__Prompt__
In the data below, find the line containing "这是一款来自法国波尔多的红葡", then set down that line and every later line up to and including the line containing "Calender Month |", exactly.

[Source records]

-------------------------

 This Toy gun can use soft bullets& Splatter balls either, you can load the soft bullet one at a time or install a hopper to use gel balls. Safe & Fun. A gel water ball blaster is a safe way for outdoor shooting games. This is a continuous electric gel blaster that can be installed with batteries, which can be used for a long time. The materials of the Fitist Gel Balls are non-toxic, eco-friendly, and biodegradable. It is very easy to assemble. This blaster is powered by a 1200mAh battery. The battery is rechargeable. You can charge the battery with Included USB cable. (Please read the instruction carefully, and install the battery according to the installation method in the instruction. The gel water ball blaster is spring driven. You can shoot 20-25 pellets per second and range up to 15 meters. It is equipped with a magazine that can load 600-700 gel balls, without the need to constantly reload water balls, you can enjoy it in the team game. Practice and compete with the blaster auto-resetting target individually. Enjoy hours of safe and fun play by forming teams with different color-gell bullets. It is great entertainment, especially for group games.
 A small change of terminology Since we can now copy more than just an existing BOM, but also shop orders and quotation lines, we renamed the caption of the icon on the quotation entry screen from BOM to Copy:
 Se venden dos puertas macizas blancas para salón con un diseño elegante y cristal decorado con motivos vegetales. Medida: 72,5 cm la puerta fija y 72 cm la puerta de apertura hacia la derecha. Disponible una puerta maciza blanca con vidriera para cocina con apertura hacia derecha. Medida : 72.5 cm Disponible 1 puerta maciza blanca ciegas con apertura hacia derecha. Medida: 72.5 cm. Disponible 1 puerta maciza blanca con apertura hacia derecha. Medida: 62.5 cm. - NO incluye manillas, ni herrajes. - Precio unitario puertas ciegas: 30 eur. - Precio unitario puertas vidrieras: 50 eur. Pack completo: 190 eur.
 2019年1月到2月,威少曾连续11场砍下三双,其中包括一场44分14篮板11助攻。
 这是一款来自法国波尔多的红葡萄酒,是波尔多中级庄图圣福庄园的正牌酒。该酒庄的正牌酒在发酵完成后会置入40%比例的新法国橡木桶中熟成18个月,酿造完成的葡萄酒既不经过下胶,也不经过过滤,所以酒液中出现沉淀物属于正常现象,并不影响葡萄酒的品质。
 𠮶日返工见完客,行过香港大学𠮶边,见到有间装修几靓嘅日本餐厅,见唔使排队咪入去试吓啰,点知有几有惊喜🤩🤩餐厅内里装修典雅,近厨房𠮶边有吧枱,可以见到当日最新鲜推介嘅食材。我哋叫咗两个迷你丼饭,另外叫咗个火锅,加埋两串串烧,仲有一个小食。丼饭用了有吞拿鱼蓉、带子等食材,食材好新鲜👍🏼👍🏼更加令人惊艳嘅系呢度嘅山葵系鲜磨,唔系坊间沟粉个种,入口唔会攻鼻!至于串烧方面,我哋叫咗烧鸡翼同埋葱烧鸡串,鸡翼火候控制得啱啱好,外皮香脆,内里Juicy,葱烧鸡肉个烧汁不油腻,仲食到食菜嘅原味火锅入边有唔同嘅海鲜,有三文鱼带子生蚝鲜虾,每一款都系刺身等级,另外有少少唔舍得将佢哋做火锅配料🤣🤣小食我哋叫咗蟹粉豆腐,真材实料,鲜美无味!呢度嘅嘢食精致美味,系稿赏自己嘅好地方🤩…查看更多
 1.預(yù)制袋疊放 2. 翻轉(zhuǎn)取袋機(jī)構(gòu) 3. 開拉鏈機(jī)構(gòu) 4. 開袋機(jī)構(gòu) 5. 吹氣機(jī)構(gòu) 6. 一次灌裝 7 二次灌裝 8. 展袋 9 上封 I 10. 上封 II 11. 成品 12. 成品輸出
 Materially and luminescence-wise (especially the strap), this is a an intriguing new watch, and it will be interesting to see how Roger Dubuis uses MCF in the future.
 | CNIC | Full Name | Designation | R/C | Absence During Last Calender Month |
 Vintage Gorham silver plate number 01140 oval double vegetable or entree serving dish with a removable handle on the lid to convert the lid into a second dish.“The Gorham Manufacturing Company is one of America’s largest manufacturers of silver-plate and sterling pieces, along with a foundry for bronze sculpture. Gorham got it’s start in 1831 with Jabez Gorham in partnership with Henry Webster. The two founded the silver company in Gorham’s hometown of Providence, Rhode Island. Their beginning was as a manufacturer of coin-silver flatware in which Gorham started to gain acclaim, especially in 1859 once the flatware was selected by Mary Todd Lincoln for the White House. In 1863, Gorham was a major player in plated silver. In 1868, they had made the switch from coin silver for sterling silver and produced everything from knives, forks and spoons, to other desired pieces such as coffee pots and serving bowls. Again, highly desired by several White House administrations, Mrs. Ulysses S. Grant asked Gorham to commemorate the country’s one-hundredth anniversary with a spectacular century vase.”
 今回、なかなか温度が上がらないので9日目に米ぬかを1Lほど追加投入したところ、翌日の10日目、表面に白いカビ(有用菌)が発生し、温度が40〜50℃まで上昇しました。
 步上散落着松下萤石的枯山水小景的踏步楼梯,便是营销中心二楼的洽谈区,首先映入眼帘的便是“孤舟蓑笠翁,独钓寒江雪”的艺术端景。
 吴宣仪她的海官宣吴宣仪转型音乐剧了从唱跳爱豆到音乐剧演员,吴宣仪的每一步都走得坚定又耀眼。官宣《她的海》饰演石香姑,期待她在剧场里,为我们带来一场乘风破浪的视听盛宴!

-------------------------

__Output below__
 这是一款来自法国波尔多的红葡萄酒,是波尔多中级庄图圣福庄园的正牌酒。该酒庄的正牌酒在发酵完成后会置入40%比例的新法国橡木桶中熟成18个月,酿造完成的葡萄酒既不经过下胶,也不经过过滤,所以酒液中出现沉淀物属于正常现象,并不影响葡萄酒的品质。
 𠮶日返工见完客,行过香港大学𠮶边,见到有间装修几靓嘅日本餐厅,见唔使排队咪入去试吓啰,点知有几有惊喜🤩🤩餐厅内里装修典雅,近厨房𠮶边有吧枱,可以见到当日最新鲜推介嘅食材。我哋叫咗两个迷你丼饭,另外叫咗个火锅,加埋两串串烧,仲有一个小食。丼饭用了有吞拿鱼蓉、带子等食材,食材好新鲜👍🏼👍🏼更加令人惊艳嘅系呢度嘅山葵系鲜磨,唔系坊间沟粉个种,入口唔会攻鼻!至于串烧方面,我哋叫咗烧鸡翼同埋葱烧鸡串,鸡翼火候控制得啱啱好,外皮香脆,内里Juicy,葱烧鸡肉个烧汁不油腻,仲食到食菜嘅原味火锅入边有唔同嘅海鲜,有三文鱼带子生蚝鲜虾,每一款都系刺身等级,另外有少少唔舍得将佢哋做火锅配料🤣🤣小食我哋叫咗蟹粉豆腐,真材实料,鲜美无味!呢度嘅嘢食精致美味,系稿赏自己嘅好地方🤩…查看更多
 1.預(yù)制袋疊放 2. 翻轉(zhuǎn)取袋機(jī)構(gòu) 3. 開拉鏈機(jī)構(gòu) 4. 開袋機(jī)構(gòu) 5. 吹氣機(jī)構(gòu) 6. 一次灌裝 7 二次灌裝 8. 展袋 9 上封 I 10. 上封 II 11. 成品 12. 成品輸出
 Materially and luminescence-wise (especially the strap), this is a an intriguing new watch, and it will be interesting to see how Roger Dubuis uses MCF in the future.
 | CNIC | Full Name | Designation | R/C | Absence During Last Calender Month |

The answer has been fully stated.